* **Assignment**: For this task, output exactly the lines of the material below starting at the line with "Каре — элегантный" and ending at the line with "Lemon Grass womens"; pictures are to be excluded.

* **Extracted data**:
┄┄┄┄┄┄┄┄┄┄┄┄┄┄┄┄┄┄┄┄

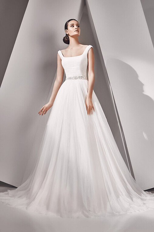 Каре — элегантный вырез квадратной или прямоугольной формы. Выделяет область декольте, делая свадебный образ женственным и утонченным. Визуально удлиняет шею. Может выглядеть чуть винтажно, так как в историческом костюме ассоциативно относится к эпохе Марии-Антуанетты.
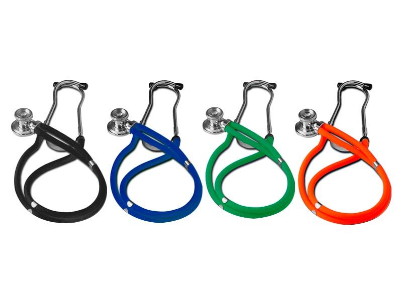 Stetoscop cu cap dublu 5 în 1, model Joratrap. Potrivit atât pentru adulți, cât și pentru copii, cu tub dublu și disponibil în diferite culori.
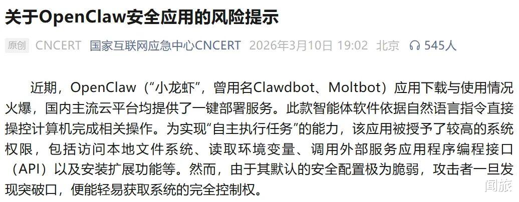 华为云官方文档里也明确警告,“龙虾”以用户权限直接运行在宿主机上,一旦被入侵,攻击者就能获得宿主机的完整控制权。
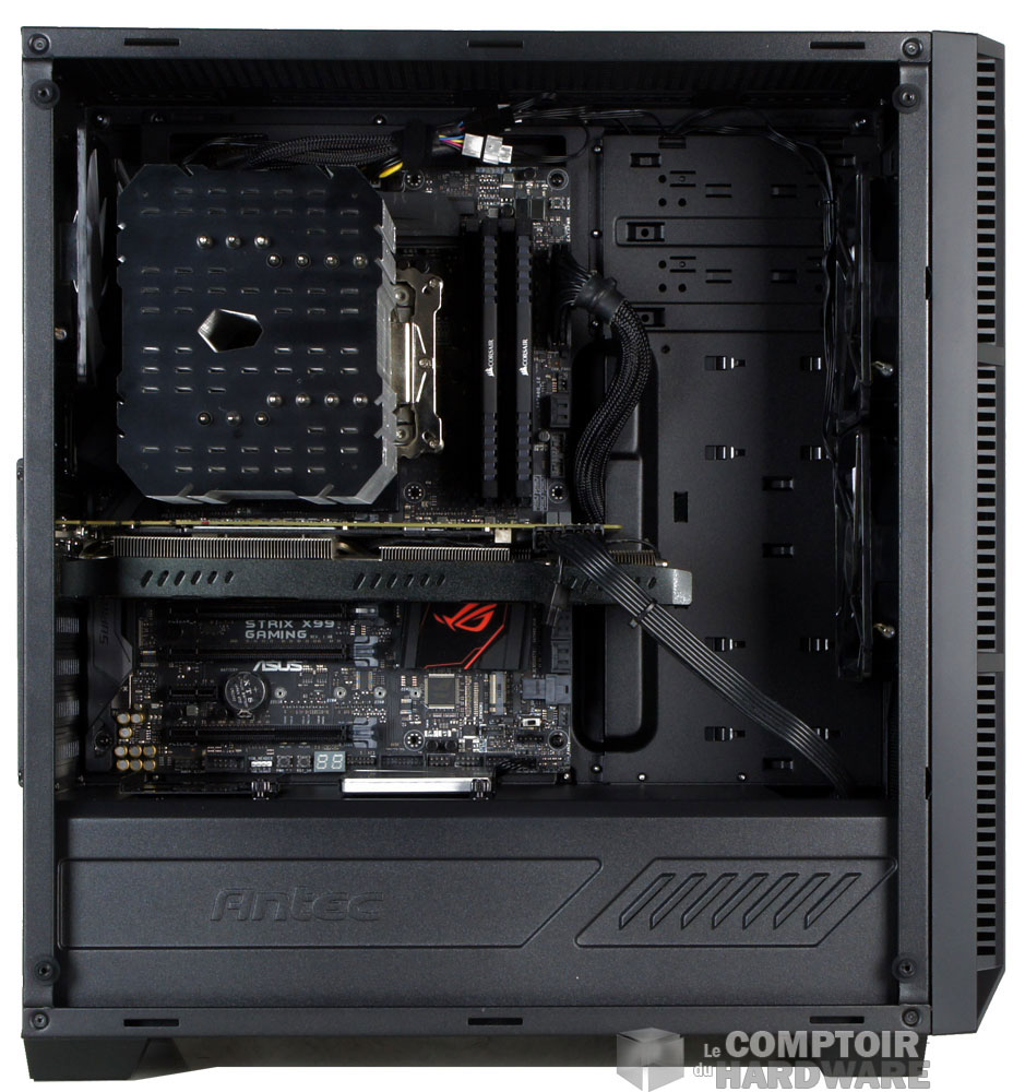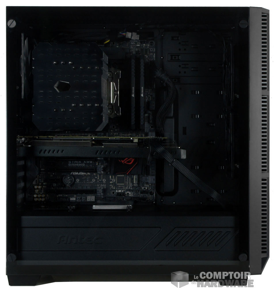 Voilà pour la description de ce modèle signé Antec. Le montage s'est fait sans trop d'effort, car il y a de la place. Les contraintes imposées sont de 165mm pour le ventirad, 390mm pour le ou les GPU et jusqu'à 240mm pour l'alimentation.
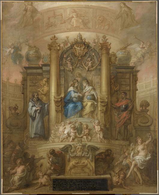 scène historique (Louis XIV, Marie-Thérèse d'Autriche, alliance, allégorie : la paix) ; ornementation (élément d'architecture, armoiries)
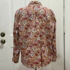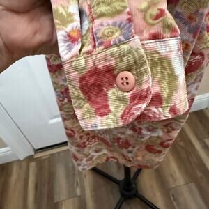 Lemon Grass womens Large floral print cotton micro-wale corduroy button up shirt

┄┄┄┄┄┄┄┄┄┄┄┄┄┄┄┄┄┄┄┄

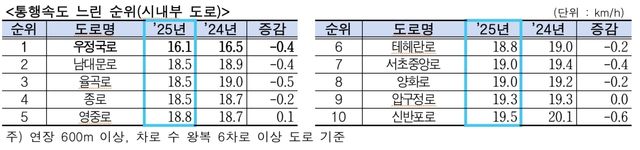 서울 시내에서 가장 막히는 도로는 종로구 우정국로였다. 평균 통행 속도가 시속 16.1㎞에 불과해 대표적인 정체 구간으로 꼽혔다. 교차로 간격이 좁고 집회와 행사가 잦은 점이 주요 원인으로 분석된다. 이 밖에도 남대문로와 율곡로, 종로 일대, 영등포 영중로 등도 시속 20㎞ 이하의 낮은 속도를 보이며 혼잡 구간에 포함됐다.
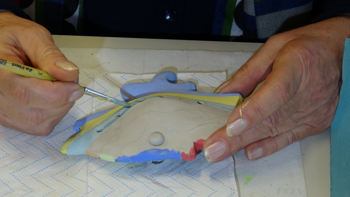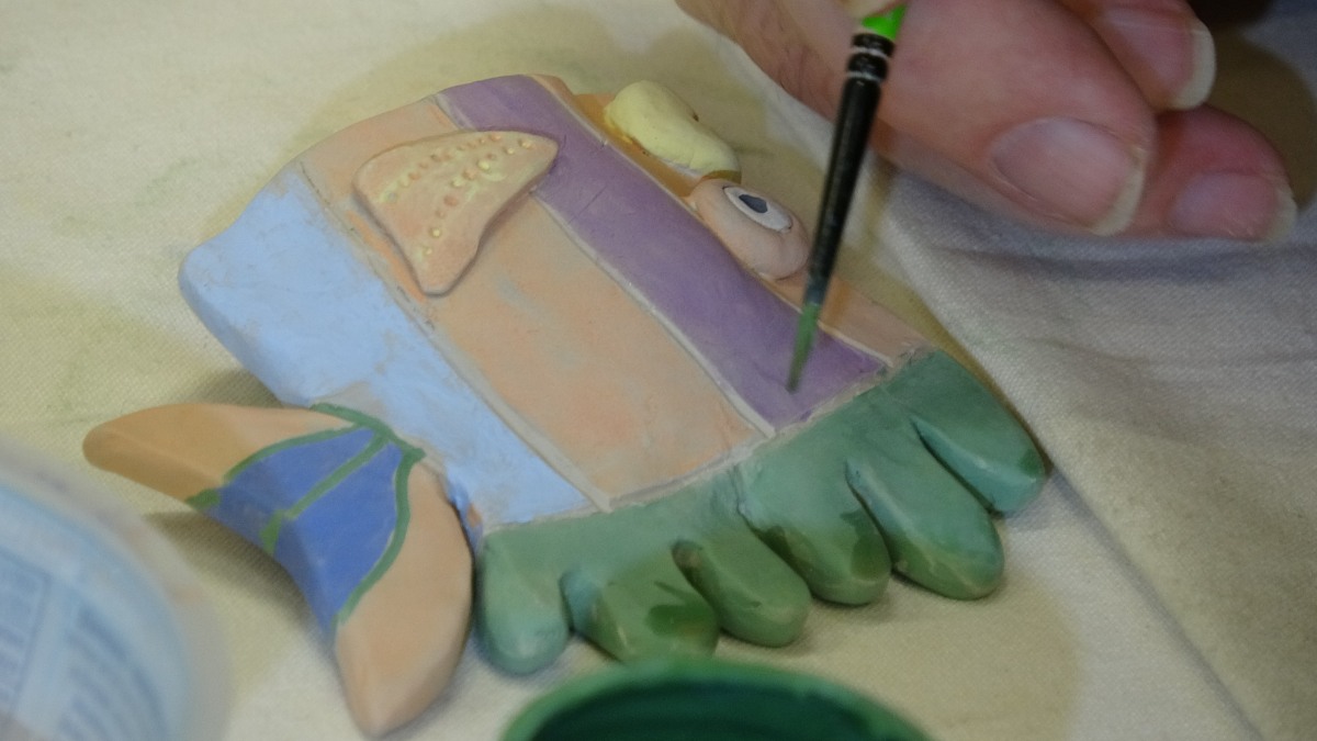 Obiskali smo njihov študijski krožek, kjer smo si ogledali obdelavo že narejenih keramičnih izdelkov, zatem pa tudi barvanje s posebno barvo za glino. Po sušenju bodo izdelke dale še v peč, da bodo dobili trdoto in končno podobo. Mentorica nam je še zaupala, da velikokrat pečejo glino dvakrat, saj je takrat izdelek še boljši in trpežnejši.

┄┄┄┄┄┄┄┄┄┄┄┄┄┄┄┄┄┄┄┄

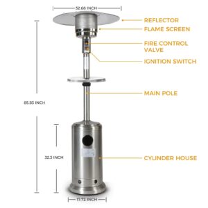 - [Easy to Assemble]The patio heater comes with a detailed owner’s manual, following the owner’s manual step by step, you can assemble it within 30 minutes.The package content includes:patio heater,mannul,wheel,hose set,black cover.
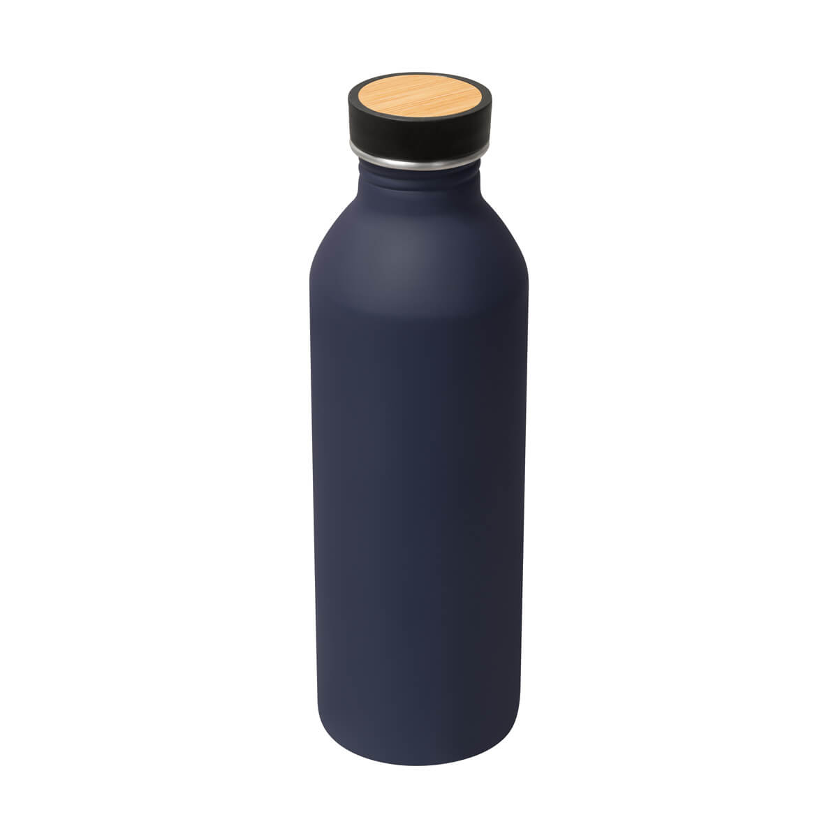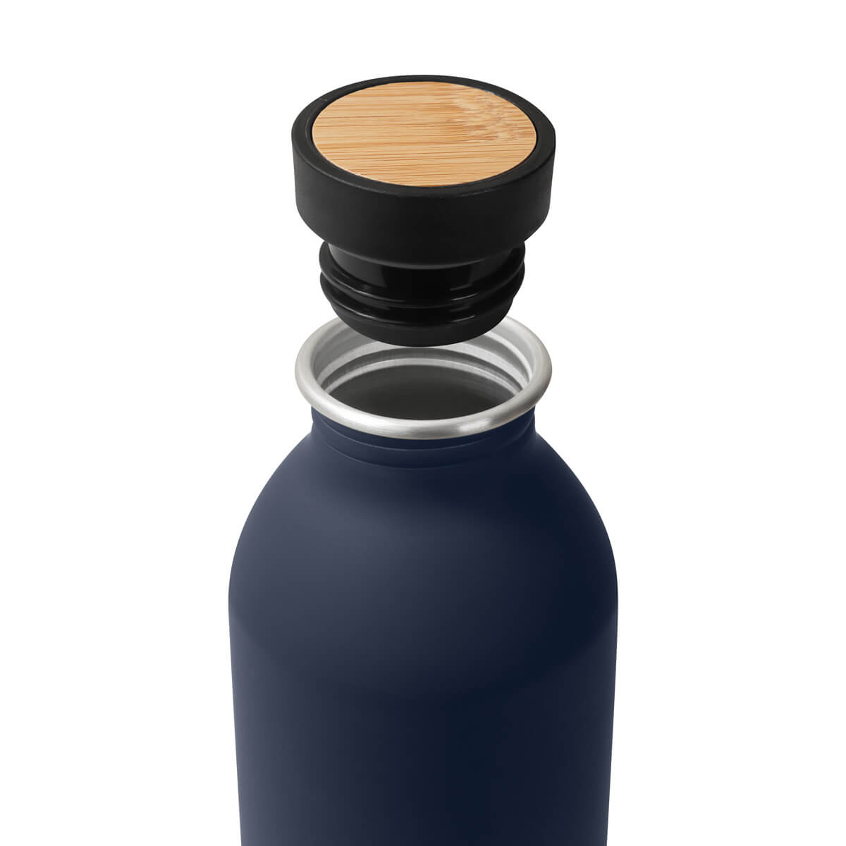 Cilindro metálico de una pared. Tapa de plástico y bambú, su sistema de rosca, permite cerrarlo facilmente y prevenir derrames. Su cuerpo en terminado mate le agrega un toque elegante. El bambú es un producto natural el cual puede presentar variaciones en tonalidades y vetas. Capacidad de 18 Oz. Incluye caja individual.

┄┄┄┄┄┄┄┄┄┄┄┄┄┄┄┄┄┄┄┄

* **Answer to this problem**:
 Каре — элегантный вырез квадратной или прямоугольной формы. Выделяет область декольте, делая свадебный образ женственным и утонченным. Визуально удлиняет шею. Может выглядеть чуть винтажно, так как в историческом костюме ассоциативно относится к эпохе Марии-Антуанетты.
 Stetoscop cu cap dublu 5 în 1, model Joratrap. Potrivit atât pentru adulți, cât și pentru copii, cu tub dublu și disponibil în diferite culori.
 华为云官方文档里也明确警告,“龙虾”以用户权限直接运行在宿主机上,一旦被入侵,攻击者就能获得宿主机的完整控制权。
 Voilà pour la description de ce modèle signé Antec. Le montage s'est fait sans trop d'effort, car il y a de la place. Les contraintes imposées sont de 165mm pour le ventirad, 390mm pour le ou les GPU et jusqu'à 240mm pour l'alimentation.
 scène historique (Louis XIV, Marie-Thérèse d'Autriche, alliance, allégorie : la paix) ; ornementation (élément d'architecture, armoiries)
 Lemon Grass womens Large floral print cotton micro-wale corduroy button up shirt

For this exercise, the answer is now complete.